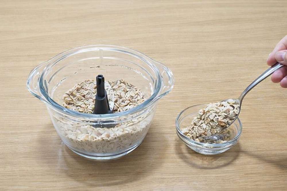 Смелете суровите бадеми в чопър на 1–2 кратки пулса, докато станат леко едри. Отделете 2–3 с.л. от тях. Останалите смелете до фино брашно.
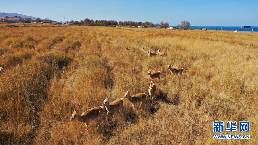 深秋時節(jié)的青海湖,芳草萋萋,遍地金黃。漫步在湖畔草原上的普氏原羚,幾乎與金黃的牧草融為一體。它們時而跳躍、時而奔走,就像湖邊一群群舞動的精靈。
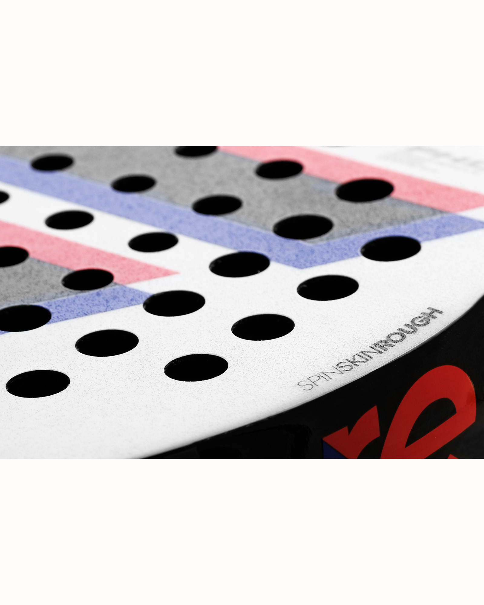 Made from special TEI carbon fibers that maximize shock absorption on impact for more feel. The head is covered with a “Spin Skin rough” relief for maximum spin absorption.
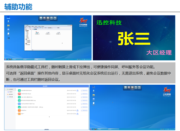 支持會議桌牌顯示,具備雙屏顯示功能,顯示參會人員姓名、單位和職位等;

> Directions for this task
Copy exactly, and only, the lines running from the one containing "Made from special TEI" through the final line of the data, and omit the pictures.

> Task output
 Made from special TEI carbon fibers that maximize shock absorption on impact for more feel. The head is covered with a “Spin Skin rough” relief for maximum spin absorption.
 支持會議桌牌顯示,具備雙屏顯示功能,顯示參會人員姓名、單位和職位等;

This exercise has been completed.